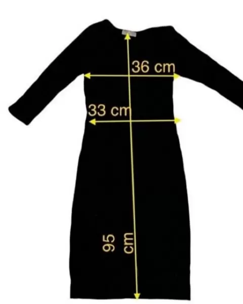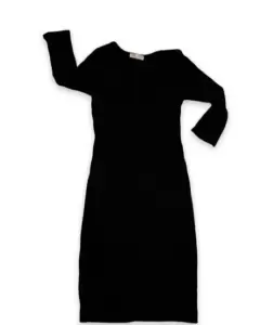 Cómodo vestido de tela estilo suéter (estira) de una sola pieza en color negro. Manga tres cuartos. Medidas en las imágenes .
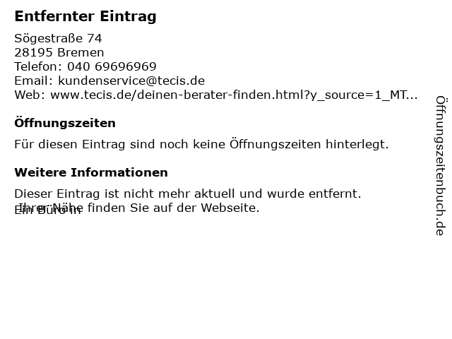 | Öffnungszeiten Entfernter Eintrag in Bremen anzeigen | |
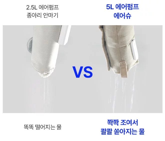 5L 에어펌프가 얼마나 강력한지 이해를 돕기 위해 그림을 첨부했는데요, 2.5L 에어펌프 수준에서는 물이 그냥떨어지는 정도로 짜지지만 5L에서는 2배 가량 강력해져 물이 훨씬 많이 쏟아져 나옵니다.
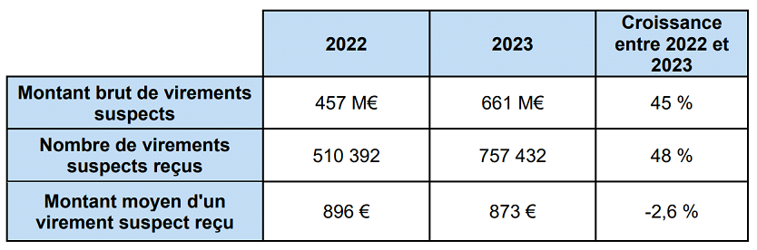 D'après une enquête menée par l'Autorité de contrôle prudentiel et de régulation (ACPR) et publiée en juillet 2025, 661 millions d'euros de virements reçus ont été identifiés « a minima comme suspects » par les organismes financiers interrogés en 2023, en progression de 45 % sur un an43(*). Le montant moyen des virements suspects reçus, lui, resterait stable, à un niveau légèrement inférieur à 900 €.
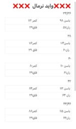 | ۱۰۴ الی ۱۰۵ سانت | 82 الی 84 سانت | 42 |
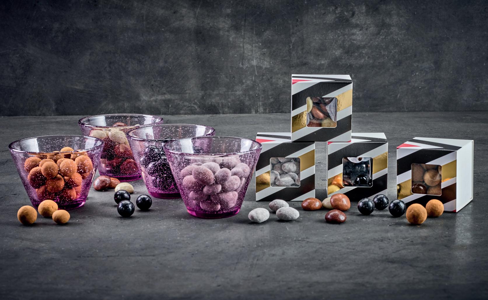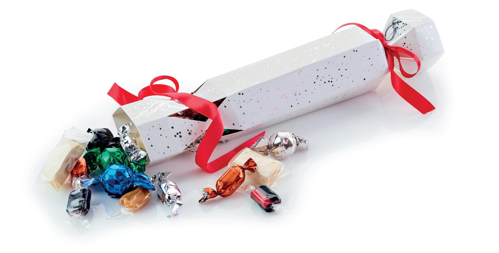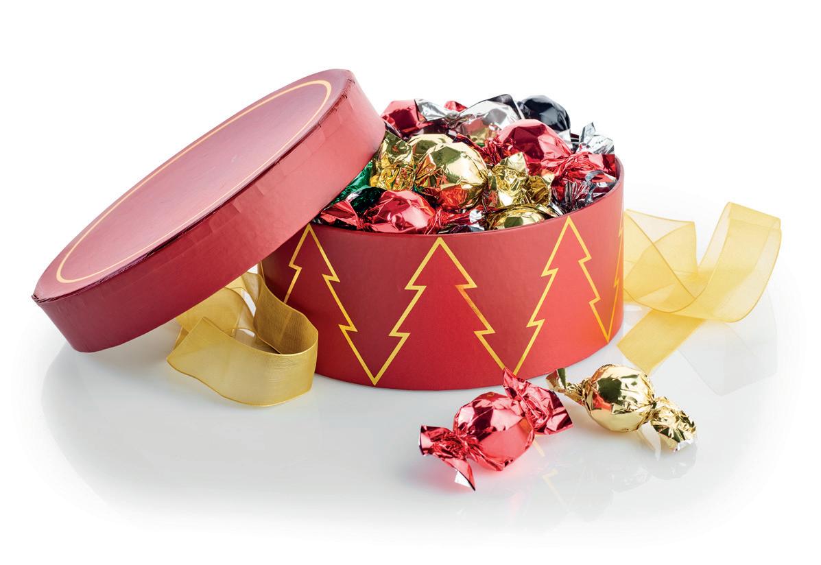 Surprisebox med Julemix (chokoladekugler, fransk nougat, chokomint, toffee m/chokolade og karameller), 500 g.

+++++

● **What the exercise asks**
Before answering, find the line with "5L 에어펌프가 얼마나" in the records above; then reproduce exactly each line from the first through that line, leaving out pictures.

● **Your response**
 Cómodo vestido de tela estilo suéter (estira) de una sola pieza en color negro. Manga tres cuartos. Medidas en las imágenes .
 | Öffnungszeiten Entfernter Eintrag in Bremen anzeigen | |
 5L 에어펌프가 얼마나 강력한지 이해를 돕기 위해 그림을 첨부했는데요, 2.5L 에어펌프 수준에서는 물이 그냥떨어지는 정도로 짜지지만 5L에서는 2배 가량 강력해져 물이 훨씬 많이 쏟아져 나옵니다.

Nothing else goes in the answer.